The mine cost about 1.15 billion Australian dollars to build and went into production in February 2009, opened that May by the state premier. It began as a great open pit, but the richest ore lay deeper, and the operation followed it underground. The Malu mine drops vertically beneath the floor of the pit; the Ankata mine, opened in 2012, reaches a separate ore body about two kilometres to the west through a decline driven into the pit wall. Ankata takes its name from a word for dragon lizard in a local Aboriginal language, a small acknowledgement of whose country this is. Today the underground workings have largely replaced the open cut, chasing high-grade ore far below the desert floor.
Prominent Hill sits within the Woomera Prohibited Area, a vast tract of South Australian desert that doubles as one of the largest weapons-testing ranges on Earth. That setting once shaped the mine's fate dramatically. When its then-owner, Oz Minerals, sought to sell its assets to the Chinese state-controlled firm China Minmetals in 2009, the Australian government blocked the sale of this mine specifically, citing national security concerns over a foreign-owned operation inside a sensitive military zone. The rest of the company's assets changed hands; Prominent Hill was carved out and kept Australian. It was a rare moment when geopolitics reached down into a hole in the outback and changed who owned the rock.
Getting the metal out of this isolation is its own feat of logistics. Copper-gold concentrate is loaded into sealed containers and trucked roughly 120 km across the desert to a siding at Wirrida on the Adelaide-Darwin rail corridor, then railed south to Port Adelaide and onto ships bound for the world. A workforce of around 1,300 keeps the operation running, most of them flying in and out from a permanent village beside the pit, living for weeks at a time in the middle of nowhere. In 2023 the mine passed to BHP, the global resources giant, when it acquired Oz Minerals and folded Prominent Hill into a cluster of South Australian copper operations alongside Olympic Dam and the newer Carrapateena mine, part of a bet that this stretch of outback could anchor a copper province for decades to come. From a hill that barely rises above the plain, the copper that runs through the world's wiring and the gold that backs its vaults begins a journey of thousands of kilometres to reach the coast.

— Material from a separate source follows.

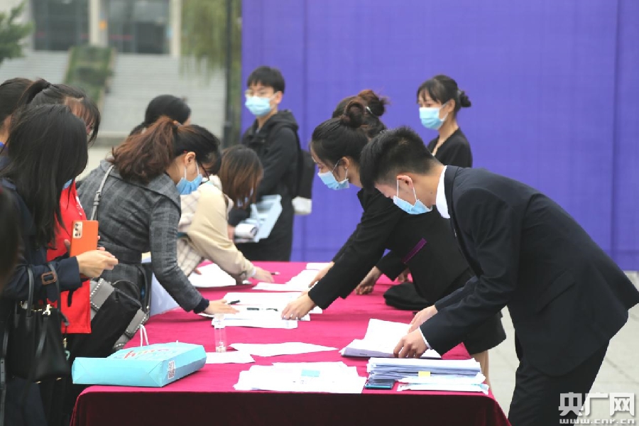 央廣網(wǎng)成都11月13日消息(記者賈宜超)11月12日,由四川省人力資源和社會保障廳、四川省教育廳主辦的“智匯天府”公共招聘進(jìn)校園大型秋季雙選會在成都銀杏酒店管理學(xué)院舉行。來自酒店旅游、智能制造、新媒體、金融、教育培訓(xùn)等不同行業(yè)的約300家單位,提供招聘崗位8500余個,共吸引該校及周邊高校2500余名2021屆畢業(yè)生參與。
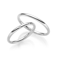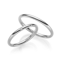Paar Trauringe/Eheringe in Platin 600/- Oberfläche: poliert mit zus. 0,01 ct. Brillant tw, si (Produkt 1 mit Steinbesatz, Produkt 2 ohne Steinbesatz)

Prominent Hill mine lies at approximately 29.72 degrees south, 135.58 degrees east, in far-north-west South Australia about 130 km south-east of Coober Pedy, within the Woomera Prohibited Area. From the air the mine is conspicuous against otherwise empty gibber plains: a large open pit, processing plant, tailings storage, an airstrip and an accommodation village, all isolated by tens of kilometres of bare desert. Note that the surrounding Woomera Prohibited Area is restricted military airspace; overflight requires clearance and is frequently constrained. The mine operates its own airstrip for fly-in fly-out workers; Coober Pedy Airport, ICAO YCBP, is the nearest public field to the north-west. Recommended viewing altitude is 5,000-8,000 ft AGL where airspace permits. Conditions are typically clear and very dry with strong afternoon heat haze and thermal turbulence; services are extremely limited.